How High Schoolers Can Take Advantage of Winter Break: A 7 Step Guide
January 1, 2018

The Best Books to Help Avoid the “Summer Slide”

For most kids, summer is a well-deserved break, after a year of hard work, where, amid camps, vacations and summer jobs, school is happily forgotten. However, there is always the fear of summer digression, otherwise known as the “summer slide,” when students’ time away from school leads to a loss of some of their hard-earned knowledge.

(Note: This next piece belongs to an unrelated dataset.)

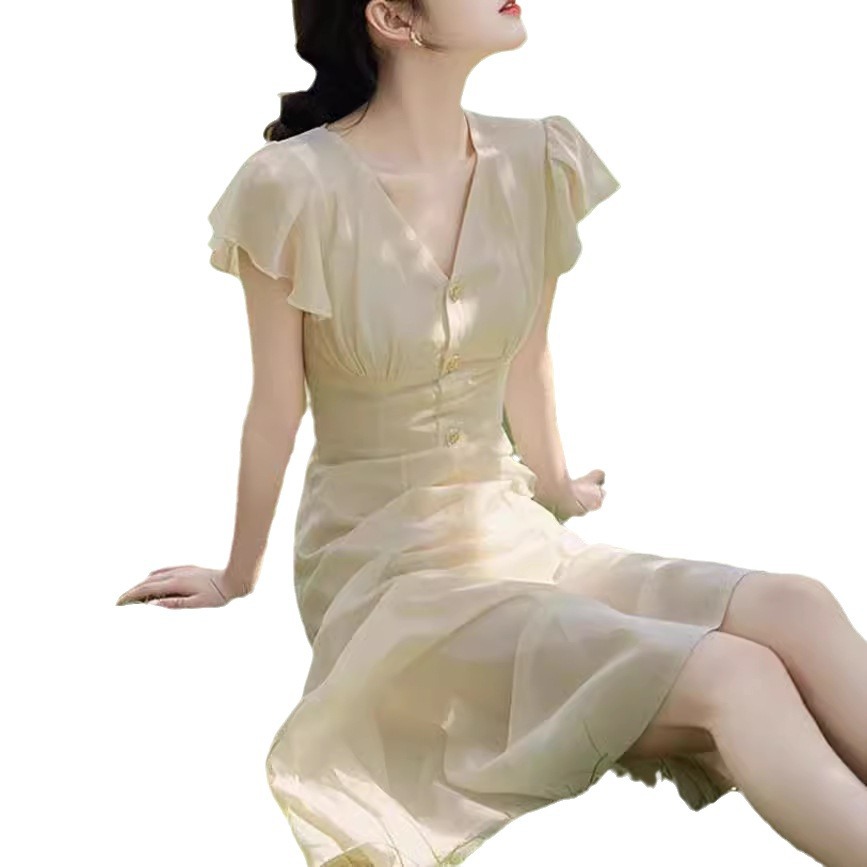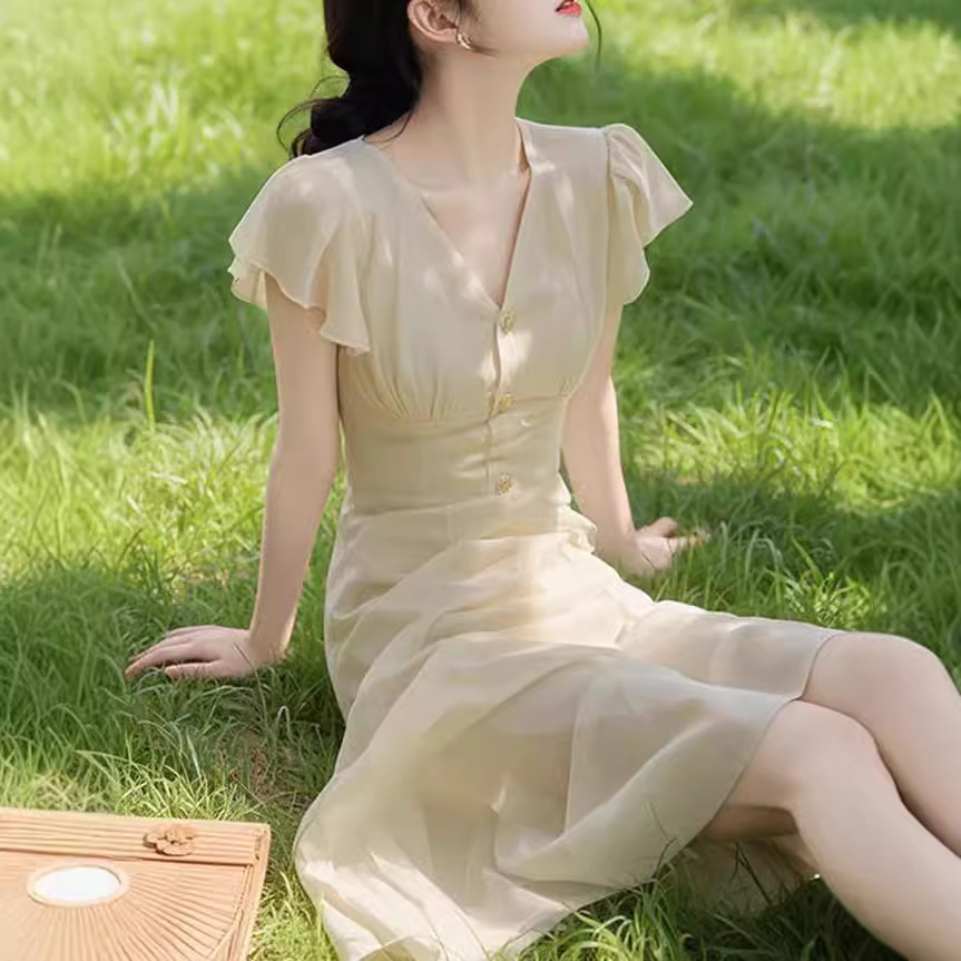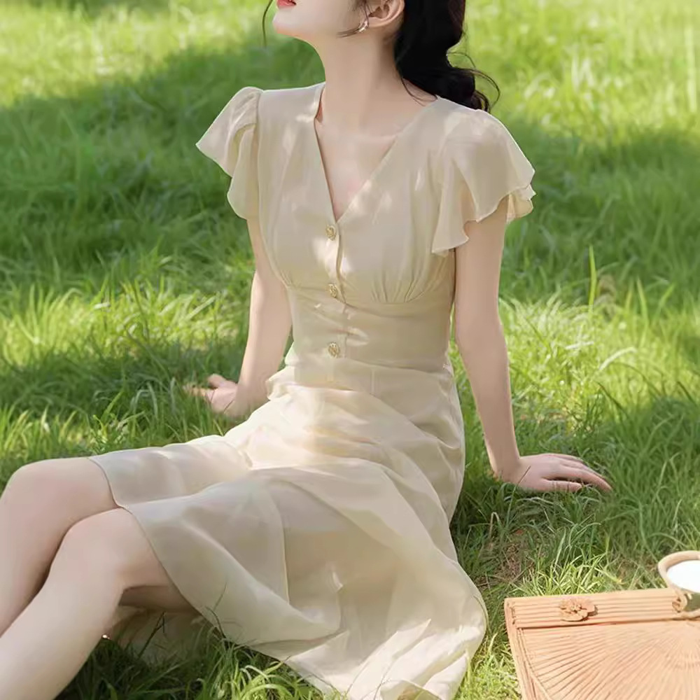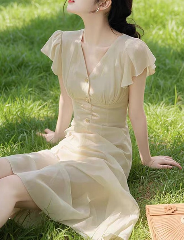 小众设计法式高端精致超好看仙气飘飘收腰连衣裙子女夏季高级质感

An easy way for children and teens to keep learning while out of the classroom is to keep reading. Even if your child is not an avid reader, setting small goals, such as reading for 20 minutes each day, are a great way for kids to practice self-discipline while allowing themselves some time to relax and be entertained without using electronics. Schools often assign summer reading, but break is a great opportunity for students to explore books of their own choosing, and there are plenty of engaging options beyond their summer curriculum.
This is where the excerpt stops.